Friday, June 8, 2012

Partying


As a med student I am supposed to have great stories about crazy post exam shenanigans. But mostly they all end up the same: everyone gets drunk and complains about the unfairness of the test. 

Tuesday, June 5, 2012

Relationships



Don’t do it! They bring you nothing but misery! Well, alright I’m not the best authority on this. I have trust issues, which sharply distinguishes me from the rest of mankind. But the reality is you cannot cultivate your own garden let alone have a codependent one. Citing the experiences of others, the person that should give one strength and support is often the greatest cause of troubles, and they have little fault. Dating a medical student is difficult because it is essentially being slave to a narcissist. We always come first; our needs always supersede the needs of the significant other. The med student does need to be studying for a test at literally every waking moment and cannot call or go on a date. Or he might need to desperately do 5 loads of laundry because the only clean thing left is a senior prom dress. To someone who has never had the work load of plow ox and the time management of a sloth, that seems preposterous and hyperbolic. But it’s not. We are busy. We are also incredibly lazy and majestically skilled at procrastination and time wasting. It is however necessary, distractions serve to maintain sanity. I can only study for so long before I lose the will to live. The significant other meanwhile feels neglected and unappreciated. They patiently wait for a scrap of free time and all any of us can do is talk about… wait for it… school. This free time is often with classmates, which leads to inadvertent inside jokes and ever more exclusion of the significant other and isolation. This causes more tension and fighting. So everyone is unhappy.  The tragedy is validity of argument of both parties.

So then dear reader you might ask, what about dating other med students? That might be an even worse plan because med student are inherently emotionally damaged people. Most of us come from various tragedies and becoming doctors is a way to heal ourselves, or for those of us, like me, who do not want to deal with our own problems, we want to fix a broken world. There are exceptions, and there are great couples that come into being, eventually marry and breed future med students. The rest of “medcest” pairings end roughly the same way. I will use a friend to illustrate, since my only real attempt to date another med student concluded in me drunkenly punching him in the solar plexus after trying to ask him out. I don’t know why, don’t ask me. That and when I drunkenly flirted with one of the girls. But back to my friend and her torrid med school romances. The reactions of the men she dated in school reflect the larger attitude of single med students of all sexes: apprehension, distrust, and disinterest. Med school is a perfect mask to hide weak, tender-hearted individuals that have disconnected from themselves. Being tired, overworked, and chained to a stack of books serves as an excellent distraction from any emotion one might have about a significant other. So her boyfriends ran away from her in a method befitting med students: after a few great dates they simply grew distant, quoted studying as the reason, and waited for her to grow angry, insulted, and send them (and their sex pili) on their educational way. 

Friday, June 1, 2012

A Real Human Being and a Real Hero


I will never forget when I snapped a person’s jaw in half with garden clippers. No, this is not an account of a murder of a review notes cadge. This is anatomy lab, a place full of magic, mystery and liquefied fat stains on your scrubs. It also has the added bonus of testing the validity of any violent fantasies one has ever had; no better way to find out what serial killing is like than to systematically disassemble a human in the name of science.

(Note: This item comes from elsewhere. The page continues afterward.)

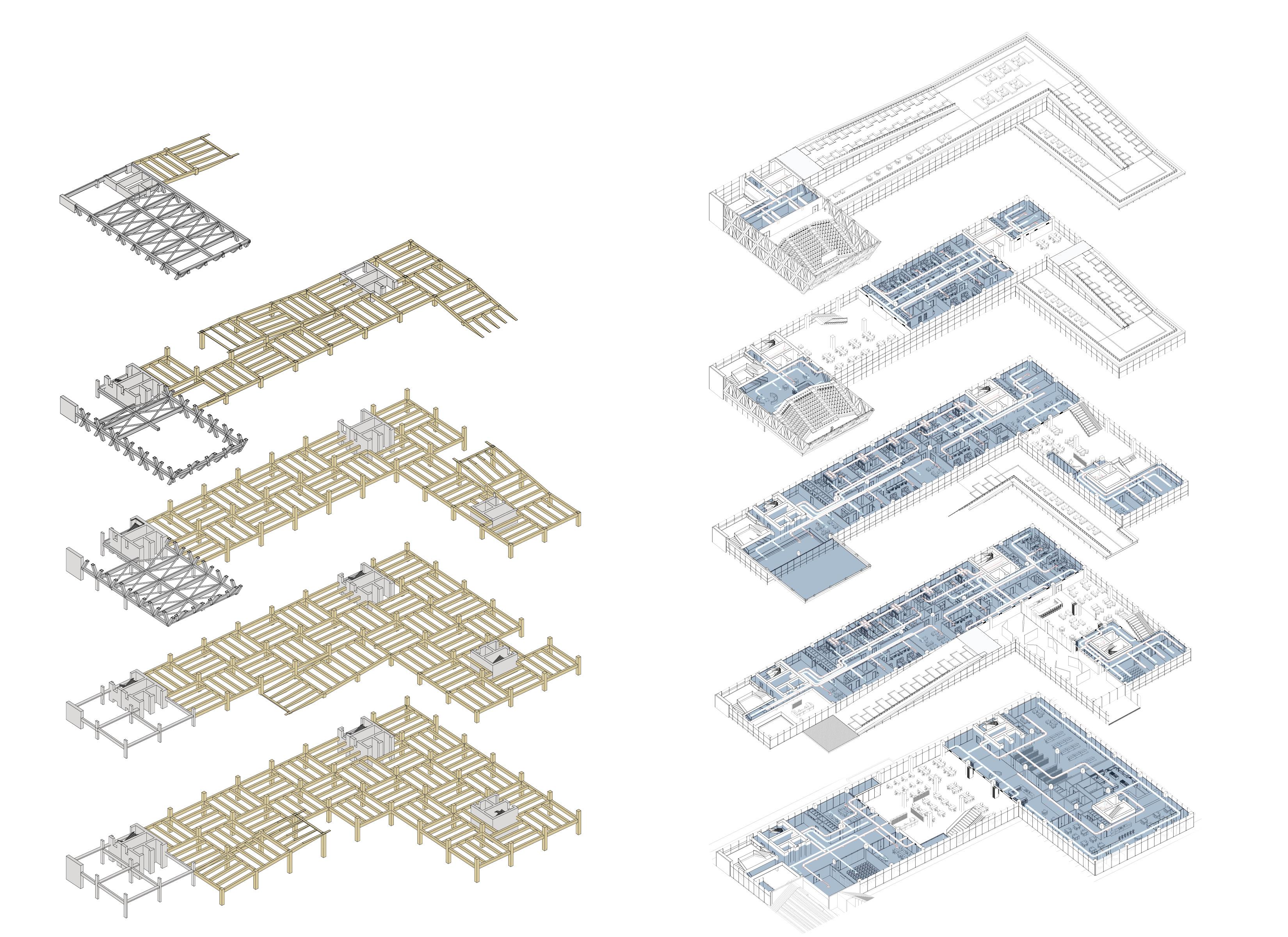 On the concept of growing from the ground, their heights increase from south to north, respecting the sun’s path. Their terraced roofs, creating a concept of green falls, offer residents different green environments with different functions. Dwelling units are designed considering post-pandemic factors such as zoning systems and convertible spaces within the house. In addition to the green roof terraces, two large winter gardens allow residents and the public to meet for educational activities or simply to relax in a forest on an urban scale. Regarding the structure, all buildings are related to each other, and the choice of structural material is steel.

My cadaver was a wispy old woman, Ellie, whom I grew to love. One of the hardest moments of med school and maybe even my life was to put all of her pieces in a body bag and say goodbye. We gave her flowers. Truthfully there were days that I did not want to be there. I did not want to clean out her thoracic cavity full of congealed mucus (which has the consistency of spoiled cottage cheese). Nor did I want to tie off her intestines with plastic neon-pink ribbon, normally used to wrap presents, before removing her bowels and praying to every deity that I would not perforate them and spill out formaldehyde-preserved waste. But I never forgot her sacrifice to us. Thus I’ve decided that when I die I want to donate my body to a bunch of incompetent med students that will massacre it, although I plan to tattoo some helpful hints on myself to guide them.

Lab is also an especially terrible place for hangovers. After a post exam shindig people are seen darting out for oxygen breaks far more than usually. The occasional overachiever can be observed with an airplane style vomit baggie sticking out of his lab coat pocket. I’ve always felt especially badly for the groups that had the poorly preserved bodies, which were basically decomposing corpses they had the pleasure of digging through. Walk by that and keep your lunch. I dare you.

For the few moments I wanted to steal one of those vomit baggies, there were many more majestic ones. I held a human heart, many hearts actually, and removed the brain, which proved to be a difficult task – it’s really stuck in there. I saw the intricacy of human hand, a surprisingly simple system considering that we can write, paint, touch and profoundly manipulate our world because of our hands. I used my hands to delicately dissect the neck with miniscule scissors, working for hours to unveil the astounding complexity of the machinery that helps run our face and brain. The irony is that for all of impressive things our body is and can do, it is a very unassuming lump of beige meat.